Even a bamboo board would be better. 

BDL


----------



## kyheirloomer (Feb 1, 2007)

I'd have to agree with BDL. No flat-grain wood is really suitable as a working cutting board, for the reasons he gave. For a working board you want either an edge-grain or end-grain configuration.

That said, olive is a very pretty wood, with lots of grain pattern. It would make a great cheese board, for example, or as a platter for other finger foods.


----------



## chefray (Sep 29, 2009)

Not only are boards made of multiple pieces of end or edge grain wood less prone to warping, they are, generally, a faster surface and don't "scar" as badly.
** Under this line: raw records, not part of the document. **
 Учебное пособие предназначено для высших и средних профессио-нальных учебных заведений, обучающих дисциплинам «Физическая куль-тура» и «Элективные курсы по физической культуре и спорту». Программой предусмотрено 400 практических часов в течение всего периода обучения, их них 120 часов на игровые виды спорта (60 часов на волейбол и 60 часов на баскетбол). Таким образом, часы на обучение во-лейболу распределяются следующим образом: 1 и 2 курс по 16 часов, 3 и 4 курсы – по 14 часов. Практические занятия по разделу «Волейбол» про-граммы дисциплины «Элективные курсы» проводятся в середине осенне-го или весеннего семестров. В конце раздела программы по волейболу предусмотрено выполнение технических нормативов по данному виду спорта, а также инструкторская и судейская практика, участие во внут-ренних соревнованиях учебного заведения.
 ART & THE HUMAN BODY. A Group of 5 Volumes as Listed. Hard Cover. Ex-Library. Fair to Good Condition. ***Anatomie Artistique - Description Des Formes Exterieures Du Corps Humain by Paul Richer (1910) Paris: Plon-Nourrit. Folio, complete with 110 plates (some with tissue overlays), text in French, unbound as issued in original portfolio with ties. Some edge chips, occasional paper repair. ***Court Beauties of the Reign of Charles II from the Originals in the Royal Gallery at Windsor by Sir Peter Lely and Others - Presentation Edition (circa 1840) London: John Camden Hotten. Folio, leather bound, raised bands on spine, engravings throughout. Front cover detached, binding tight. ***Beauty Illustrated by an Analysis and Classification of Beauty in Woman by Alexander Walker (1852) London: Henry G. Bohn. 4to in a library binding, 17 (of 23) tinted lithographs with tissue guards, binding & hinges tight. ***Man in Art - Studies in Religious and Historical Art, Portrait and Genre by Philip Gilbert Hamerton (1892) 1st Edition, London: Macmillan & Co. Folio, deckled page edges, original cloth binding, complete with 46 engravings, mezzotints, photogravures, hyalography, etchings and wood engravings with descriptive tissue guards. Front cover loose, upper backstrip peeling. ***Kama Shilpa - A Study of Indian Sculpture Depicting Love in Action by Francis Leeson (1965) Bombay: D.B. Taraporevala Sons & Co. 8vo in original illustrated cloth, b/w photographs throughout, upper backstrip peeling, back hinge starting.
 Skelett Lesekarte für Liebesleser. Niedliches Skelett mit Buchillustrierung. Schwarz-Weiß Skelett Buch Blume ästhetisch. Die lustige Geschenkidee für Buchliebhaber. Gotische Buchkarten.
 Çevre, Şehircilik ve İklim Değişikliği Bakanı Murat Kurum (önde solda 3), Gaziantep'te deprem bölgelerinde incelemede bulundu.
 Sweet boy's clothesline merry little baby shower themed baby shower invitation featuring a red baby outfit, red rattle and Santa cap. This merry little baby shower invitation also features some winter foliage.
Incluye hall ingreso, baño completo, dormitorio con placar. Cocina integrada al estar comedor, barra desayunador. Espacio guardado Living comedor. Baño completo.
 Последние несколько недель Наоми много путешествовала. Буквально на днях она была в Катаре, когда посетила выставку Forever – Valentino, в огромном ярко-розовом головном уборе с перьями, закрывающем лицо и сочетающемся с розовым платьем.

That said, olive is a good wood, but find a board made from many squares of end grain rather than a solid piece of, what looks to be, quarter-sawn. It makes good furniture, but it doesn't stand up to water very well.


----------



## lgc (Nov 16, 2008)

Thanks a lot for the responses. It all makes a lot of sense, I had read about end/long grain, but hadn't properly understood what it meant. In general, if a board is advertised as end/long grain, is there anything else to watch out for? E.g. types of wood which are used but best avoided, etc. I've seen a few, for example, where they don't say what type of wood is used (and suspiciously cheap).

Thanks!


----------



## the boardsmith (Jun 24, 2009)

The previous posters are correct. A single piece of wood will warp and split quicker and easier, edge grain is better than side grain and end grain is the best. (Quartersawn makes no difference at all.) 

The general rule of thumb for selecting a wood to use is: wood from any tree with either edible nuts or sap, like hard maple where maple syrup comes from. An exception is oak, to porous.
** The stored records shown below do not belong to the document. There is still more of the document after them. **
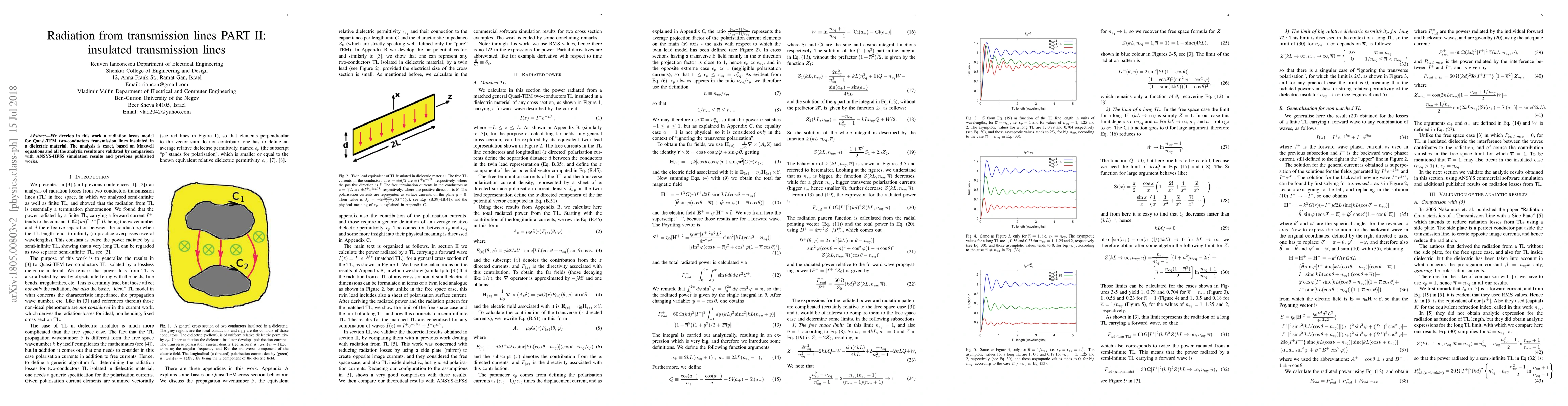 This paper presents an exact model for radiation losses in insulated Quasi-TEM two-conductor transmission lines using Maxwell's equations, validated by ANSYS-HFSS simulations and prior research. The analytical results accurately reflect the transmission line's radiation characteristics.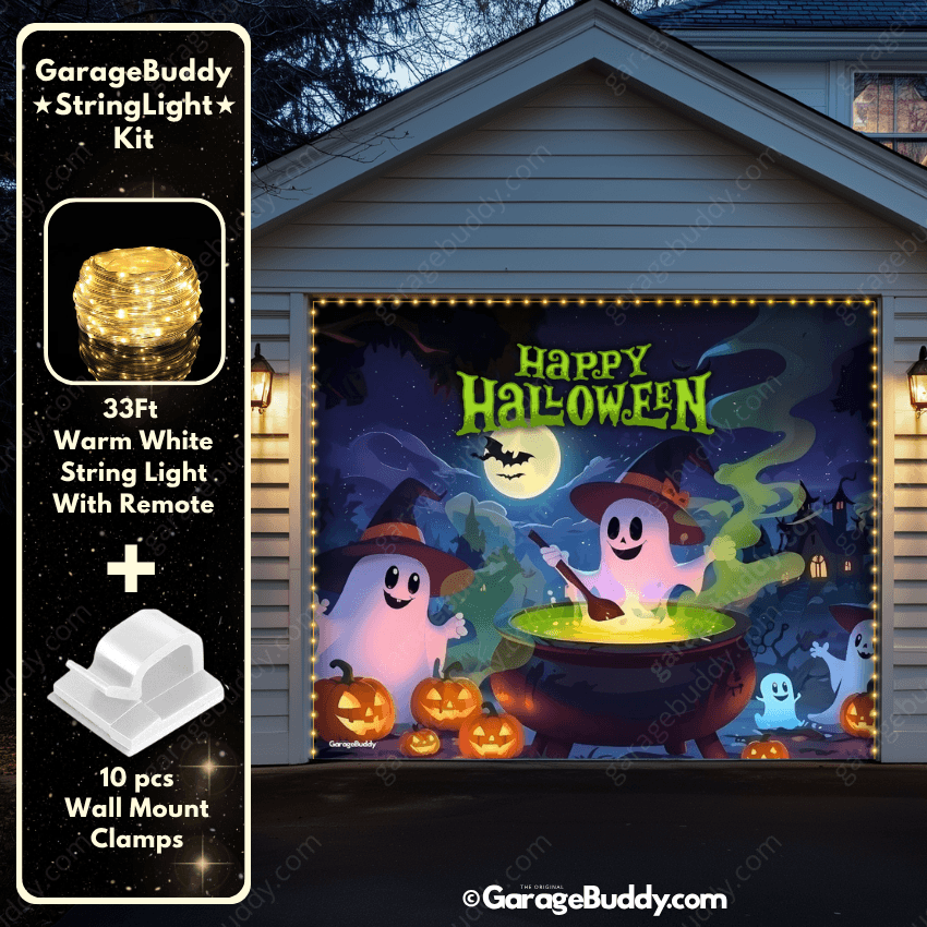 You now have the option to add the GarageBuddy string light kit to your order at 50% Off and turn your Halloween garage door cover into a true showstopper. The kit includes 1x 33 ft warm white string light, a remote control, and 10x sticky wall mount clamps. The 2-door garage option comes with 2 string light kits. The lights work on three AA batteries (not included), so you don’t need to run around finding electrical outlets.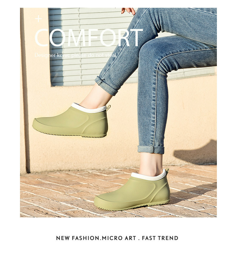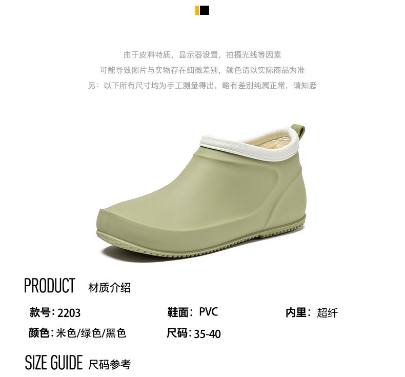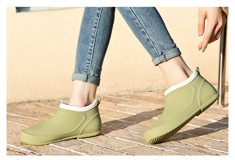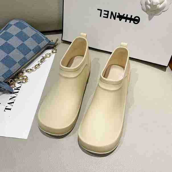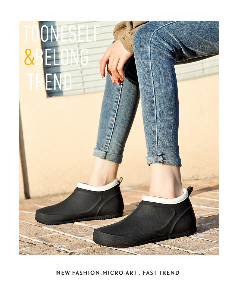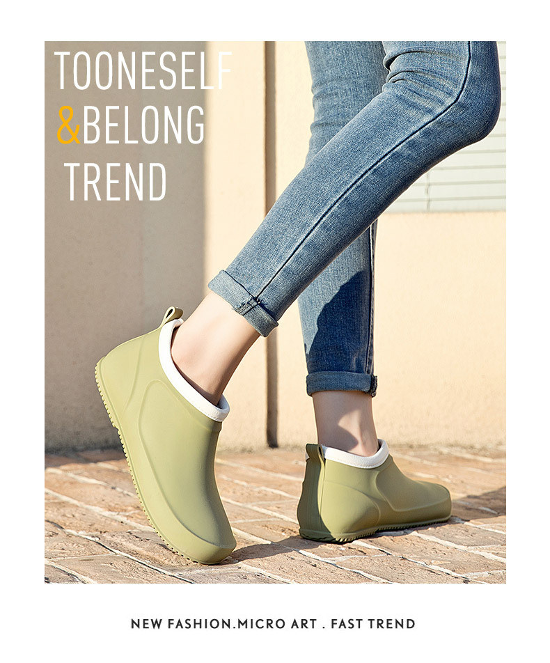 일본과 한국의 뉴 기모 따뜻한 로우 탑 레인 부츠 여성용 미끄럼 방지 경량 방수 신발 짧은 배럴 주방 작업 비 부츠 고무 신발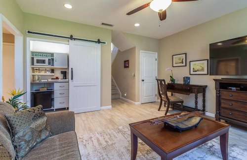 Welcome to Nihilani on Kauai's Lush North Shore. As a guest in this charming townhome, you will enjoy the privacy of two lovely lanais, two separate living areas (with a coffee bar/kitchenette in the downstairs living space), two bedrooms, two and a half baths, a two car garage and lots of beach gear including snorkel equipment, a surf board, kayak, boogie boards, stand up paddle boards, and bicycles. This comfy townhome is perfect for two couples traveling together, or a family with children who like to have their own space! You are steps away from restaurants, shops, groceries, golf, tennis, exercise equipment, and a walk/bike path that runs along the golf course with amazing views of the mountains, palm trees, and the beautiful blue ocean.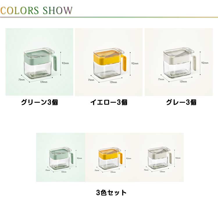 調味料ポット 砂糖入れ 固まらない 塩 キッチン用品 食器 調理器具 豊富 グリーン3個 イエロー3個 グレー3個 3色セット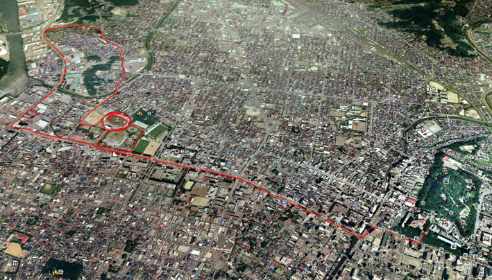 山王大通りに入ります 2.5キロほど進み八橋陸上競技場に入って行きますがトラックに入らず外周を回り

What to avoid: most of the exotic woods - they may contain oils that are toxic to humans, spalted wood - the bacteria that causes the spalting is toxic and any wood the insects stay away from like cedars for example. They contain oils which repel wood eating insects.
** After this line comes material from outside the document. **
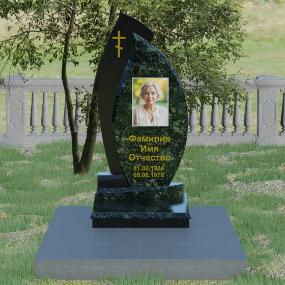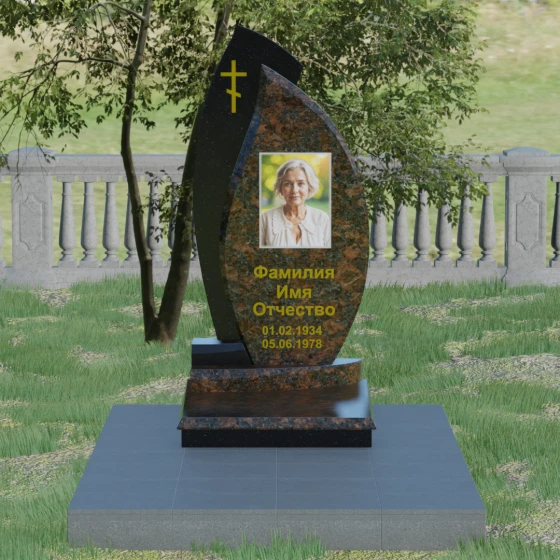 Кому подойдет: Данная модель является универсальным и в то же время глубоко индивидуальным решением. Благодаря мягким изгибам центральной части, она идеально подходит для оформления женских захоронений, воплощая нежность и материнскую любовь. В то же время строгая внешняя рама и возможность исполнения в темных, маскулинных тонах (например, в черном Габбро или зеленом граните Балтик грин) делают этот гранитный монумент достойным выбором для мужчины — отца, мужа или брата. Это памятник для тех, кто ценит современный стиль, надежность и хочет выделить место памяти среди типовых решений за счет уникальной формы и премиального сочетания материалов.

In Europe, Beech has been used for a long time for cutting boards. Make sure it is European Beech. A lot of boards made from cheap rubber tree wood are marketed as Beech. 

Yes, you can get wood that is to hard. Teak for example and it contains silica which will grind down your edges. Bamboo is okay to use but it too is very hard, requires a lot of glue to make and the glues and resins used are hard on knife edges. Once again, European Beech is a very good wood for you to look for and should be easily found.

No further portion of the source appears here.